Je suis là de bonne heure, avec mon accordéon, et comme je n'ai rien à faire, j'attends.
J'attends comme les résidents (aimable euphémisme) que l'ascenseur recrache par lots homogènes : les valides, ceux avec des cannes, puis ceux qui arrivent avec leur déambulateur (" scouitch ", font les patins de caoutchouc, " frrrrrrrrrrt ", les chaussons de feutre ), puis les fauteuils roulants pour lesquels il faut déplacer les chaises le long des fenêtres...
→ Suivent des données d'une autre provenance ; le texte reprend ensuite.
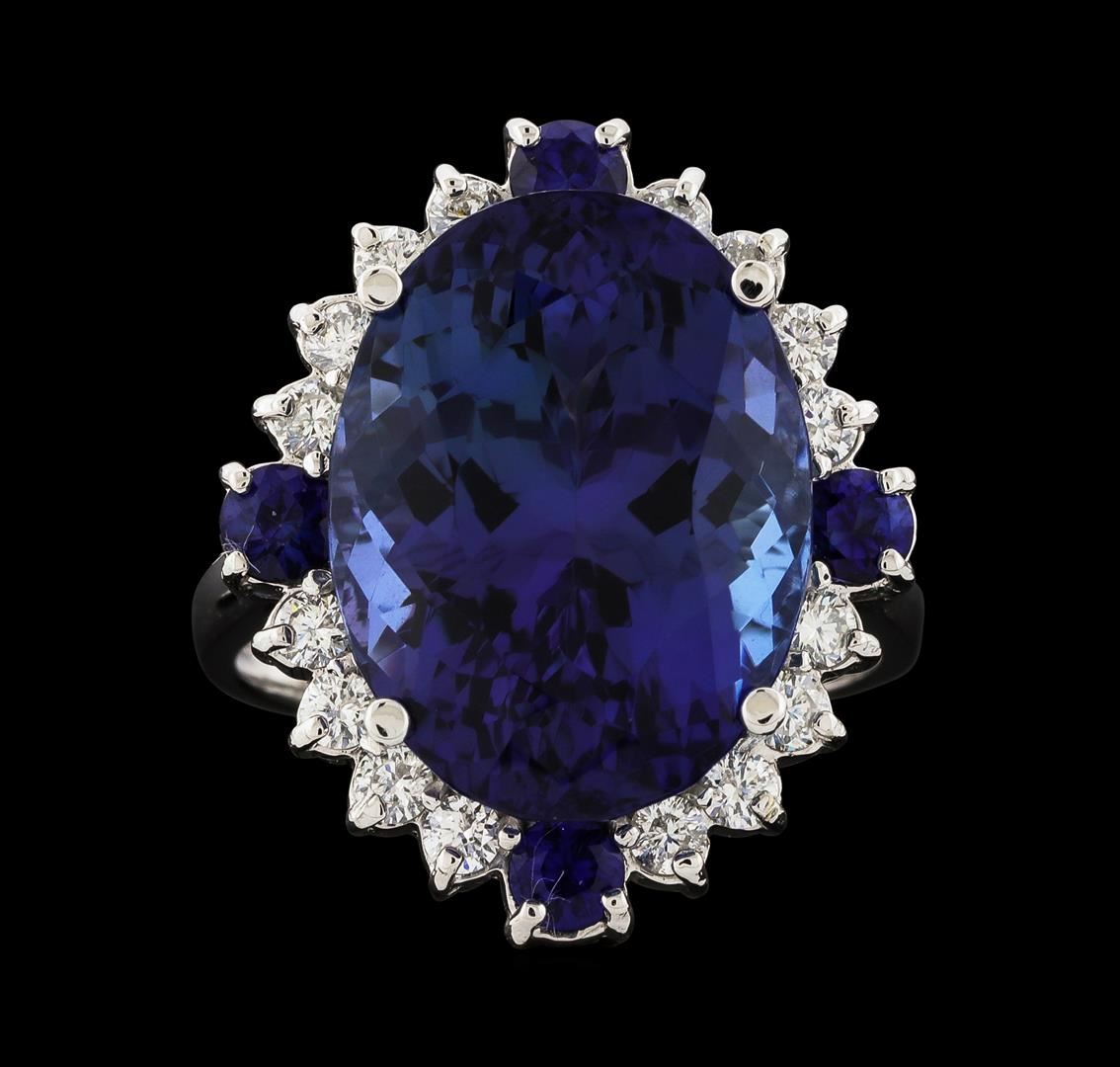One electronically tested 14KT white gold lady's cast fashion ring with a cathedral shank with a basket halo with a bright polish finish. The featured lady's ring has a shank measuring 2.90 millimeters wide. Identified with markings of 'K14'. Condition is new, good workmanship. Containing: One prong set oval modified brilliant cut natural tanzanite, measuring 17.38 x 13.10 x 10.00mm, (depth est.) 7%. bulge factor, approximate weight of 17.13ct., clarity is eye clean, medium dark, very slightly grayish, bluish violet color, (GIA bV 6/3), cut is very good. Transmitting light with no distortion, transparent. Colored gemstones are presumed to have been subjected to commonly used enhancement processes. Graded in the setting. Four prong set round modified brilliant cut natural blue sapphires, measuring 3.10 - 3.00 x 1.98 mm, (depth est.) approximate total weight of 0.65ct., clarity is eye clean, medium dark, strong, blue color, (GIA B 6/5), cut is very good. Transmitting light with no distortion, transparent. Colored gemstones are presumed to have been subjected to commonly used enhancement processes. Graded in the setting. Sixteen prong set round brilliant cut diamonds, measuring 2.25 - 2.15 x 1.34mm (depth est.) approximate total weight of 16 Stones = 0.63ct. Graded in the setting. Clarity SI-1 to SI-2. Color: H - I Cut Good. Total Weight of Colored Stones 17.78ct.. Total Weight of Diamonds 0.63ct.. Total Weight of Ring 10.60gm. GAS Appraised at $23,060.00.

C'est long. Des gens arrivent peu à peu, pas beaucoup. Il y a fest-deiz à Poullaouën aussi, à Plounévez…
Les frères Morvan étaient tête d'affiche, mais en fait d'affiche, celle de l'entrée dit qu'ils sont obligés d'annuler leur venue, suite à un décès dans leur famille.
Ça cadre avec le reste…

Dans un fauteuil, une dame pleure, elle veut retourner dans sa chambre.
Sa fille a promis de venir, mais elle est en retard, ou la dame le croit, et maintenant elle pense que sa fille l'a oubliée…
Les autres n'ont pas l'air spécialement contents d'être là, on les croirait déposés là comme des paquets.
Ils se sont faits beaux pourtant, l'un d'eux a mis sa casquette, mais a gardé ses chaussons.
Un autre a enfilé un tricot à manches courtes sur sa chemise blanche de peur d'avoir froid, et sa fille n'est pas contente, elle le rouspète gentiment, c'est pas beau, papa !


Mes compères arrivent, ouf ! Je commençais à revoir mentalement " On n'a pas tous les jours 20 ans… "

On démarre, il y a 10 personnes à danser, les enfants des résidents ou les parents du personnel soignant, quelques danseurs de fest-deiz qui ont eu la flemme d'aller jusqu'à Plounévez… La fille de la dame qui pleurait est arrivée, même bouille ronde, même cheveux courts et raides (les autres font plutôt dans les bouclettes ), mais 2O ans de moins et pas de fauteuil roulant. Elle veut aller danser, sa mère s'accroche à elle : " Tu t'en vas pas ! "…

Au tour des chanteurs, on va danser, on est presque 20 maintenant. Je calcule qu'on est en gros un musicien pour deux danseurs…

Puis les jeunes filles d'Oristal s'installent, bien embêtées de n'avoir que 2 micros pour 4. Quatre-vingts ans à elles quatre, sourires et cheveux longs, un rayon de soleil ! C'est sympa ce qu'elles font, la température remonte un peu, on cesse de guetter d'autres arrivants par les fenêtres… Leurs airs sont pour la plupart bien connus, je vois une résidente qui fredonne, une autre qui sourit…
On chante avec elles, un tamm - kreiz idiot et rigolo " Gwechall e oa Giscard d'Estaing, ha bremañ 'zo Lionel Jospin…" (je vous laisse deviner les autres couplets…)
Le papy au tricot vient danser avec sa fille, il sourit. Il est complètement à contre- temps, il balance ses bras comme un enfant, il sourit toujours, et tout le monde lui sourit.
La dame au fauteuil roulant sourit aussi maintenant à sa fille qui danse une gavotte.
Que ressent-elle en voyant son portrait plus jeune, encore vive et mobile, mobile… ? Et sa fille, se voyant clouée sur un fauteuil…. ?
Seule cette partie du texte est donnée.